Western talked about how he, his first wife and their two daughters would spend Sundays at Cash’s home in Encino, Calif., with Cash’s first wife, Vivian, and their daughters.

“We were as close as Saturday is to Sunday,” Western said of the families.

Western remembers sitting next to Cash’s pool, bouncing his daughter on one knee and Cash’s daughter Rosanne on the other while the two girls fought over a chicken leg.

But Cash’s love for Carter was always present. Western said it was like watching a train wreck about to happen.

“The whole darn world knew about it,” Western said. Even Cash’s wife, Vivian.

Carter wrote about the relationship in the hit song “Ring of Fire,” which Western helped record and Cash made famous.

“I knew he wanted to marry her (Carter) in the world’s worst way,” he said.

Cash eventually did marry Carter in 1968, providing “Walk the Line” with its happy ending.

Cash died on Sept. 12, 2003, not long after Carter died.

“We gave Johnny six months after June died,” Western said. “He didn’t last four.”

With the new movie, Cash seems to be as cool and popular today as he was in the mid-’50s with rockabilly songs about heartbreak and jail.
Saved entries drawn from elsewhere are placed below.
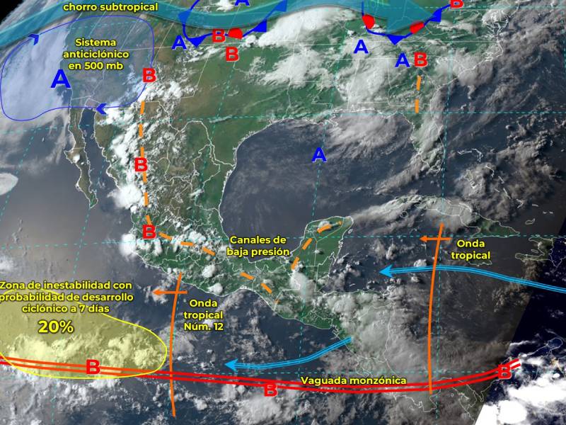 Para hoy sábado, el monzón mexicano continuará establecido sobre el noroeste del país y la onda tropical Núm. 12 que se desplazará al suroeste de las costas de Colima y Jalisco, generarán lluvias muy fuertes en Sonora, Chihuahua, Sinaloa y Durango, lluvias fuertes en Nayarit y Jalisco, así como lluvias con chubascos en el resto del occidente y noroeste de México. Por otra parte, canales de baja presión extendidos sobre el interior y el sureste del territorio nacional, en combinación con el ingreso de humedad de ambos litorales, ocasionarán lluvias fuertes en Veracruz, Guerrero y Oaxaca, además de lluvias y chubascos en el noreste, centro y el resto del sureste del territorio nacional, así como en el Valle de México. Asimismo, se mantendrá el ambiente muy caluroso a extremadamente caluroso con temperaturas máximas superiores a 40 °C sobre estados del noroeste, norte y noreste de México, además del oriente del país y la Península de Yucatán. Finalmente, una nueva onda tropical se aproximará a la Península de Yucatán, propiciando intervalos de chubascos en dicha península.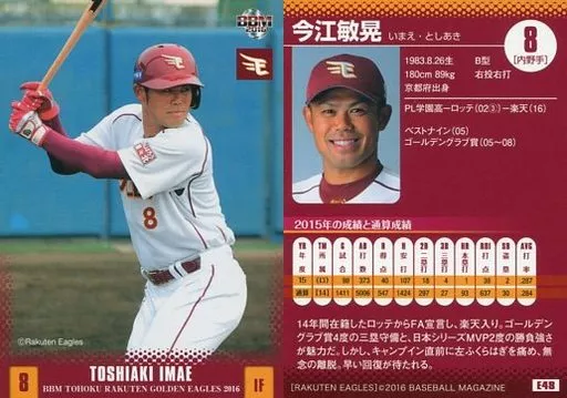 Japanese title: BBM/レギュラーカード/BBM2016 東北楽天ゴールデンイーグルス E48[レギュラーカード]:今江敏晃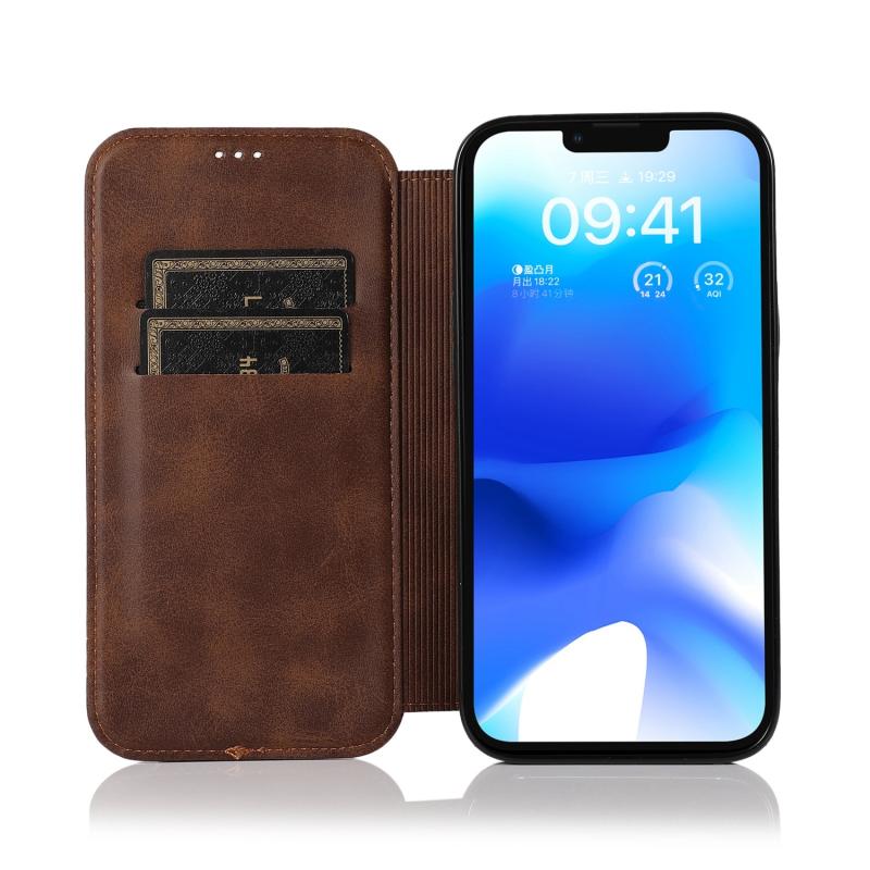 For iPhone 14 Strong Magnetic Closure PU + TPU Leather Phone Case(Brown)

The popular British band Coldplay has recorded a tribute to Cash on its latest hit album, “X&Y.”

On its current U.S. tour, the band has played a version of “Ring of Fire,” with thousands of fans singing along.

Western says Cash’s ability to cross musical genres and create controversy contributes to his continuing popularity.

“He had a magnetism. People in Beverly Hills had his records and people living in shotgun shacks in the South had his records,” Western said.